Between the polyester and hairspray, it’s surprising more people didn’t spontaneously combust in the 80s.
My Mom has been smelling something burning since 1983.
The 3 types of Christmas movies:
1. Movies about Santa.
2.People being changed by the Christmas spirit.
3. Die Hard
My wife is the most beautiful, intelligent person standing right behind me reading my Twitter feed.
Just ordered a chicken and an egg from Amazon.
Will keep you posted.
Peregrine falcons: Attack from above. Prey on smaller birds. Silent. Cowards.
Geese: Will land in front of a full grown man. Hiss and honk to let you know battle has commenced. Audible boss music. Brave.
Sure reading a book under a tree is peaceful but imagine how stressful it is for the tree to see a bunch of it’s dead friends in your hand.
When in doubt, ask yourself WWBD: What Would Beyoncé Do? Would she apply for a job? Nope. She’d just show up one day like “I work here now.”
i bought a michael meyers decal for my car window and my son said if you put that on your car i’m never driving your car. aww, look at how cute he is thinking he was ever going to drive my car
I accidentally typed ‘thee’ and now I’m listening to lute music and my neighbour Jeff just succumbed to the Plague.
Either you stay with a comedian, or you leave long enough to become part of their routine
“WHAT DO WE WANT?”
“A BETTER STRUCTURE FOR MEASUREMENT OF TIME THAT ISN’T AN ILLUSION CREATED BY MAN”
“WHEN DO WE WANT IT?”
…
“shit”
HER: (touching my chest) What a fascinating tattoo…
ME: Thanks. I was carrying a squid and a porcupine, and I tripped.
fixed it
me: most people don’t use their middle names
machine kelly: it just feels dumb this way
I have a spot on my glasses but nothing to clean the lens with so I’m learning not to see it. So…pretty much how I deal with all my problems.
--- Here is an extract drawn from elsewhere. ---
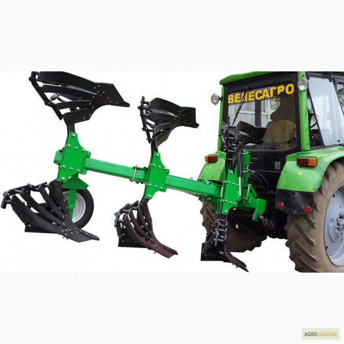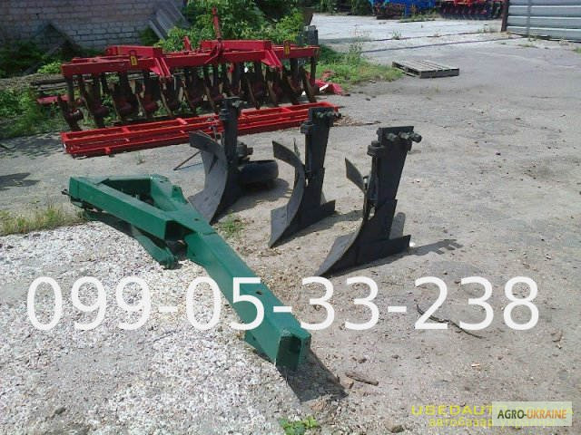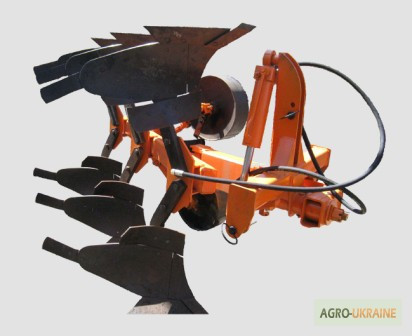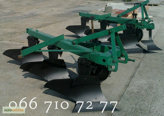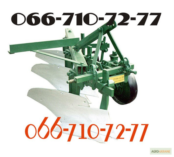 **Оборотний навісний плуг ПОН-3-35** Технічні характеристики: - Тип агрегата: навісний - Робоча швидкість (км/год): 4 — 8 - Розрахункова продуктивність за 1 годину основного часу: 0.34 — 0.96 - Ширина захоплення (м): 0.84 ‒ 1.2 - Ширина захоплення корпуса (мм): 280/320/360/400 - Відстань між корпус...

People who don’t follow you but comment on tweets with ridiculously stupid opinions are just hecklers with all the charm of a pedophile.
There were no dating apps in the 1950s. You just crashed a pyramid of water skiing girls into a pyramid of water skiing guys and hoped for the best.
Define “no more Twitter or I will leave you.”
Me, surprised: Why are you in a hurry to get to school?
7yo, matter-of-fact: My enemies are waiting
Kid: I don’t like mac-n-cheese anymore.
DENIAL: You still like it.
ANGER: YOU WILL EAT IT!
DEPRESSION: *crying*
BARGAINING: If you eat it, you can have dessert.
ACCEPTANCE: I will make you chicken nuggets.Kid: I don’t like chicken nuggets anymore.
Get your shit together, people at McDonald’s drive thru who sit there all confused like the menu hasn’t been the same for the last 50 years
[escorted out of google hq with armful of snakes at 9:02am on my 1st day] WELL MAYBE U SHOULDA CLARIFIED WAT U MEANT BY “PYTHON PROGRAMMER”
I’ve walked so much today my pigeons are killing me
If I’m guilty of anything it’s that I care too much, that and murder
I WISH I WERE PAC-MAN SO WHEN I GOT UPSET I COULD EAT SOME CHERRIES & EVERYONE AROUND ME WOULD TURN INTO GHOSTS
“You suck.”
“No, you suck.”
“Really, you suck.”
“Please, you suck.”
“You suck, I insist.”— Polite vampires.